Usai M Graziano, Goddard Mike E, Hayes Ben J
Settore Genetica e Biotecnologie, AGRIS-Sardegna, Olmedo 07040, Italy.
Genet Res (Camb). 2009 Dec;91(6):427-36. doi: 10.1017/S0016672309990334.
We used a least absolute shrinkage and selection operator (LASSO) approach to estimate marker effects for genomic selection. The least angle regression (LARS) algorithm and cross-validation were used to define the best subset of markers to include in the model. The LASSO-LARS approach was tested on two data sets: a simulated data set with 5865 individuals and 6000 Single Nucleotide Polymorphisms (SNPs); and a mouse data set with 1885 individuals genotyped for 10 656 SNPs and phenotyped for a number of quantitative traits. In the simulated data, three approaches were used to split the reference population into training and validation subsets for cross-validation: random splitting across the whole population; random sampling of validation set from the last generation only, either within or across families. The highest accuracy was obtained by random splitting across the whole population. The accuracy of genomic estimated breeding values (GEBVs) in the candidate population obtained by LASSO-LARS was 0.89 with 156 explanatory SNPs. This value was higher than those obtained by Best Linear Unbiased Prediction (BLUP) and a Bayesian method (BayesA), which were 0.75 and 0.84, respectively. In the mouse data, 1600 individuals were randomly allocated to the reference population. The GEBVs for the remaining 285 individuals estimated by LASSO-LARS were more accurate than those obtained by BLUP and BayesA for weight at six weeks and slightly lower for growth rate and body length. It was concluded that LASSO-LARS approach is a good alternative method to estimate marker effects for genomic selection, particularly when the cost of genotyping can be reduced by using a limited subset of markers.

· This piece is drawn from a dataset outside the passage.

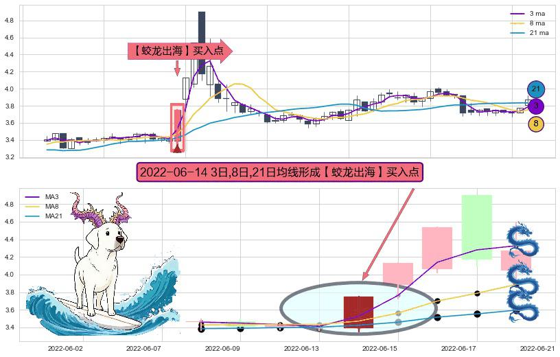 形态多维评估: ⚀ 2022-06-14日显现 3日-8日-21日均线 【蛟龙出海】买入点 看多信号,后市看涨,买入

我们使用最小绝对收缩与选择算子(LASSO)方法来估计基因组选择的标记效应。采用最小角回归(LARS)算法和交叉验证来确定纳入模型的最佳标记子集。在两个数据集上对LASSO-LARS方法进行了测试:一个模拟数据集,包含5865个个体和6000个单核苷酸多态性(SNP);一个小鼠数据集,有1885个个体,对10656个SNP进行了基因分型,并对多个数量性状进行了表型分析。在模拟数据中,使用了三种方法将参考群体划分为训练集和验证集以进行交叉验证:在整个群体中随机划分;仅从最后一代中随机抽取验证集,可在家族内或跨家族抽取。通过在整个群体中随机划分获得了最高的准确性。通过LASSO-LARS在候选群体中获得的基因组估计育种值(GEBV)的准确性为0.89,使用了156个解释性SNP。该值高于通过最佳线性无偏预测(BLUP)和贝叶斯方法(BayesA)获得的值,后者分别为0.75和0.84。在小鼠数据中,1600个个体被随机分配到参考群体。LASSO-LARS估计的其余285个个体在六周龄体重方面的GEBV比通过BLUP和BayesA获得的更准确,在生长速率和体长方面略低。得出的结论是,LASSO-LARS方法是估计基因组选择标记效应的一种很好的替代方法,特别是当通过使用有限的标记子集可以降低基因分型成本时。